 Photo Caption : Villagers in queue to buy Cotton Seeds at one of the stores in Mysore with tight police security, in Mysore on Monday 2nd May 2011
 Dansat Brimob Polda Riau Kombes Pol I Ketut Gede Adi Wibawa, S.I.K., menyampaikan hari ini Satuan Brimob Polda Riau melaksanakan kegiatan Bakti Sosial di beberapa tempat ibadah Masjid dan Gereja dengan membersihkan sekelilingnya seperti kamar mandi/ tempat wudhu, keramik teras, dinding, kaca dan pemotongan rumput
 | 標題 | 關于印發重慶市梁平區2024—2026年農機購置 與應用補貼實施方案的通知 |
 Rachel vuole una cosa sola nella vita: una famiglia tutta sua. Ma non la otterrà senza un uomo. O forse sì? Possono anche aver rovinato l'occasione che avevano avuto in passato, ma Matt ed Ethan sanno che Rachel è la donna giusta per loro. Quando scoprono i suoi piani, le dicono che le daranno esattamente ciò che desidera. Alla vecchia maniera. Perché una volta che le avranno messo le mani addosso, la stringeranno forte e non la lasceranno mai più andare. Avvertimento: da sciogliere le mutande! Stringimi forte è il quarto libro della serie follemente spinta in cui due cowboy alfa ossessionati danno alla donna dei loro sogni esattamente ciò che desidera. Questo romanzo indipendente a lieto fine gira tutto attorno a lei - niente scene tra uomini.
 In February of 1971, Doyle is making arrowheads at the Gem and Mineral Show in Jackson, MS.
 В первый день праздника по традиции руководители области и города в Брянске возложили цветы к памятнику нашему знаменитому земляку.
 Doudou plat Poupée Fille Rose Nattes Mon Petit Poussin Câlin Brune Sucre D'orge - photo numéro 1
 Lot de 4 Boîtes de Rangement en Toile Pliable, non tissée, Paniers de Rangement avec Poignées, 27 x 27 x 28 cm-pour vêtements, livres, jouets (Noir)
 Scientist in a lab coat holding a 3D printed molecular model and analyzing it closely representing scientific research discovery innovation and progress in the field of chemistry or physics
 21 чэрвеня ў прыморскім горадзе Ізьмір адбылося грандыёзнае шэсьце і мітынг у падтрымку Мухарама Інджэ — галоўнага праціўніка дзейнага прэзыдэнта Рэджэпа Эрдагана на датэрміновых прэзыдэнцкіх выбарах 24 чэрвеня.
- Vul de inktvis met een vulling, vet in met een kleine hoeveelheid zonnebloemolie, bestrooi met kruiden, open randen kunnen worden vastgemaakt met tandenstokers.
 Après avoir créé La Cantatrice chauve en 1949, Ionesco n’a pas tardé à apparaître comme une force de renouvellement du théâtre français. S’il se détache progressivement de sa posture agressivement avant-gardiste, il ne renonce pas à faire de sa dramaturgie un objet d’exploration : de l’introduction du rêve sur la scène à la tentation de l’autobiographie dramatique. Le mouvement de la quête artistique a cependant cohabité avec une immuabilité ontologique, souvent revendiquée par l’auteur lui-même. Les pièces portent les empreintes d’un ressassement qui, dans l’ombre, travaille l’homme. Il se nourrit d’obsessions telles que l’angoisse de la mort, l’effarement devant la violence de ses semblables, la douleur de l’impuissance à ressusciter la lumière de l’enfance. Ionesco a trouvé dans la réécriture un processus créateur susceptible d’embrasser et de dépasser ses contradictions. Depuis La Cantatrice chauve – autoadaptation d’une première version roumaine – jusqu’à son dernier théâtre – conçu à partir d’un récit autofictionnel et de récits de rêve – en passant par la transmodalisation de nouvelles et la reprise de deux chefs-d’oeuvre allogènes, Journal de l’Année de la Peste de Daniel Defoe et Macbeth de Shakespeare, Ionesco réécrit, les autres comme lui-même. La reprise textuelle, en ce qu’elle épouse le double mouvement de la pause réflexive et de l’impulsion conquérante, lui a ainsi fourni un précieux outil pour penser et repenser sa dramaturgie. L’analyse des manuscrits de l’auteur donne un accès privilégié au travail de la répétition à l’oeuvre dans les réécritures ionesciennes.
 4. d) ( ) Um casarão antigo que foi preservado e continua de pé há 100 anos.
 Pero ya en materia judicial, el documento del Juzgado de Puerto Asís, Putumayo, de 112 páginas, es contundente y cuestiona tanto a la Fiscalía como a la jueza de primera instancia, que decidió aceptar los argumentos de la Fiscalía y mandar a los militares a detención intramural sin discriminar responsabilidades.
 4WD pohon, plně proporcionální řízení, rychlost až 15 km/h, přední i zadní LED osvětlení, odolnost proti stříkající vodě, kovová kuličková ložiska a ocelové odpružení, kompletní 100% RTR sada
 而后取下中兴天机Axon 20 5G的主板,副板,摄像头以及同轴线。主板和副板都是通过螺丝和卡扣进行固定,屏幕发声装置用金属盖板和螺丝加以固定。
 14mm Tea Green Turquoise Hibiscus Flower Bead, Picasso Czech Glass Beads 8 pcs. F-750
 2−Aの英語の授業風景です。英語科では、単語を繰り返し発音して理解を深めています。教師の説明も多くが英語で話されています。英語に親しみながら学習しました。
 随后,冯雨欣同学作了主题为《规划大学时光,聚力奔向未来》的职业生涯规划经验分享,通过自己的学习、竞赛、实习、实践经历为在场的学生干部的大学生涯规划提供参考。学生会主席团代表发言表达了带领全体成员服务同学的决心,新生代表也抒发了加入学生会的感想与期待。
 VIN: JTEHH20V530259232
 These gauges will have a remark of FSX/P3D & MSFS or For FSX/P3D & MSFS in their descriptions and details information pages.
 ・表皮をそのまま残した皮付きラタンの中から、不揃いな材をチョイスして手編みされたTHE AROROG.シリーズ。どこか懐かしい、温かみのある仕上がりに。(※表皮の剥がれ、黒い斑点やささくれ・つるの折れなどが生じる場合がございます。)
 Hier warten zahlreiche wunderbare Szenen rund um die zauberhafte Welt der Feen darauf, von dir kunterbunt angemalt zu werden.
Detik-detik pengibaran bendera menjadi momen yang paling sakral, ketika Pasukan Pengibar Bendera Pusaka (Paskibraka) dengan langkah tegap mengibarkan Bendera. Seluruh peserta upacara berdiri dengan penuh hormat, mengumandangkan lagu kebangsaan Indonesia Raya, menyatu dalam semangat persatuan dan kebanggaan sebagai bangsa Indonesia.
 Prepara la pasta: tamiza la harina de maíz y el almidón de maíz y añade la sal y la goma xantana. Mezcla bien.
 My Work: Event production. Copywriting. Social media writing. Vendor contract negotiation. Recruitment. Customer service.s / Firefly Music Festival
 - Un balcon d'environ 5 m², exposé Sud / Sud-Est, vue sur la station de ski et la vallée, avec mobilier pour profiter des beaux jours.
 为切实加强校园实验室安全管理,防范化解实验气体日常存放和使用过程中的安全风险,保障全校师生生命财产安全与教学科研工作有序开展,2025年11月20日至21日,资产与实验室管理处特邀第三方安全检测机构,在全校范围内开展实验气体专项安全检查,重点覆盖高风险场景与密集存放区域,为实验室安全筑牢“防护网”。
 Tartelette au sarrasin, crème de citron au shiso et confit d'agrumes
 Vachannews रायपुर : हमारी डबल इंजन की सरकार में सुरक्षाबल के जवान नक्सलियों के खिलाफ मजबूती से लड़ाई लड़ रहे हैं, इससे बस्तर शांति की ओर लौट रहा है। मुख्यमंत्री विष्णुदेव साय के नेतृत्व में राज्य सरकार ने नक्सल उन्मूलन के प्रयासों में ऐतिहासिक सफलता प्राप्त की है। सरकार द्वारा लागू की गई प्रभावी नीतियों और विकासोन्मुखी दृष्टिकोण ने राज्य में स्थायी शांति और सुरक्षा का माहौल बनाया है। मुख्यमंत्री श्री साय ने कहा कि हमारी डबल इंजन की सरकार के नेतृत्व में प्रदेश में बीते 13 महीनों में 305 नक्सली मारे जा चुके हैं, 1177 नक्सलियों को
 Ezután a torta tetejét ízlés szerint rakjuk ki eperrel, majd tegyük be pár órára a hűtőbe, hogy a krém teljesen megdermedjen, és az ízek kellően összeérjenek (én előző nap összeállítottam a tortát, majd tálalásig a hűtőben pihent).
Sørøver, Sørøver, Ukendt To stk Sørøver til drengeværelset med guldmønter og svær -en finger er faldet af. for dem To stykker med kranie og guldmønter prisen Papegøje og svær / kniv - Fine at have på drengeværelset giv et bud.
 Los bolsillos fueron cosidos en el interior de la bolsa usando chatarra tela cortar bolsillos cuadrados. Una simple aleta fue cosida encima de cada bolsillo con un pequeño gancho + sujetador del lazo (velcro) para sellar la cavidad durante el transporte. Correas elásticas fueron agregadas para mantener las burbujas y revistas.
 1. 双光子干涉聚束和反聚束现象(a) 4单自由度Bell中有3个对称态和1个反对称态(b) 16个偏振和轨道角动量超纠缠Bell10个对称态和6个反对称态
★ ★ ★ ★ ★
Action item:
Give back exactly the lines above, from the line containing "2−Aの英語の授業風景です。" through the line containing "Detik-detik pengibaran bendera", with both end lines and nothing more.

Exercise solution:
 2−Aの英語の授業風景です。英語科では、単語を繰り返し発音して理解を深めています。教師の説明も多くが英語で話されています。英語に親しみながら学習しました。
 随后,冯雨欣同学作了主题为《规划大学时光,聚力奔向未来》的职业生涯规划经验分享,通过自己的学习、竞赛、实习、实践经历为在场的学生干部的大学生涯规划提供参考。学生会主席团代表发言表达了带领全体成员服务同学的决心,新生代表也抒发了加入学生会的感想与期待。
 VIN: JTEHH20V530259232
 These gauges will have a remark of FSX/P3D & MSFS or For FSX/P3D & MSFS in their descriptions and details information pages.
 ・表皮をそのまま残した皮付きラタンの中から、不揃いな材をチョイスして手編みされたTHE AROROG.シリーズ。どこか懐かしい、温かみのある仕上がりに。(※表皮の剥がれ、黒い斑点やささくれ・つるの折れなどが生じる場合がございます。)
 Hier warten zahlreiche wunderbare Szenen rund um die zauberhafte Welt der Feen darauf, von dir kunterbunt angemalt zu werden.
Detik-detik pengibaran bendera menjadi momen yang paling sakral, ketika Pasukan Pengibar Bendera Pusaka (Paskibraka) dengan langkah tegap mengibarkan Bendera. Seluruh peserta upacara berdiri dengan penuh hormat, mengumandangkan lagu kebangsaan Indonesia Raya, menyatu dalam semangat persatuan dan kebanggaan sebagai bangsa Indonesia.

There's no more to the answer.